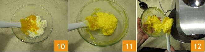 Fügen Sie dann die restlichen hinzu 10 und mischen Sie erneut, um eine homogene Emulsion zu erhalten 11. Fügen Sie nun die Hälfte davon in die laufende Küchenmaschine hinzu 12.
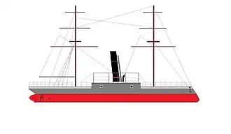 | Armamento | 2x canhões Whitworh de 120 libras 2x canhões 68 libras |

---

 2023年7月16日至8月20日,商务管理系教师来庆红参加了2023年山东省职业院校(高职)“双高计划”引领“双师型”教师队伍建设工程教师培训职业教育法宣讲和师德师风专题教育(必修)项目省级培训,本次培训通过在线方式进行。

• TASK PROMPT: Above are the records; copy from them only the lines starting at the one containing "Fügen Sie dann" and ending at the one containing "68 libras |", exactly and without pictures.

• RESPONSE:
 Fügen Sie dann die restlichen hinzu 10 und mischen Sie erneut, um eine homogene Emulsion zu erhalten 11. Fügen Sie nun die Hälfte davon in die laufende Küchenmaschine hinzu 12.
 | Armamento | 2x canhões Whitworh de 120 libras 2x canhões 68 libras |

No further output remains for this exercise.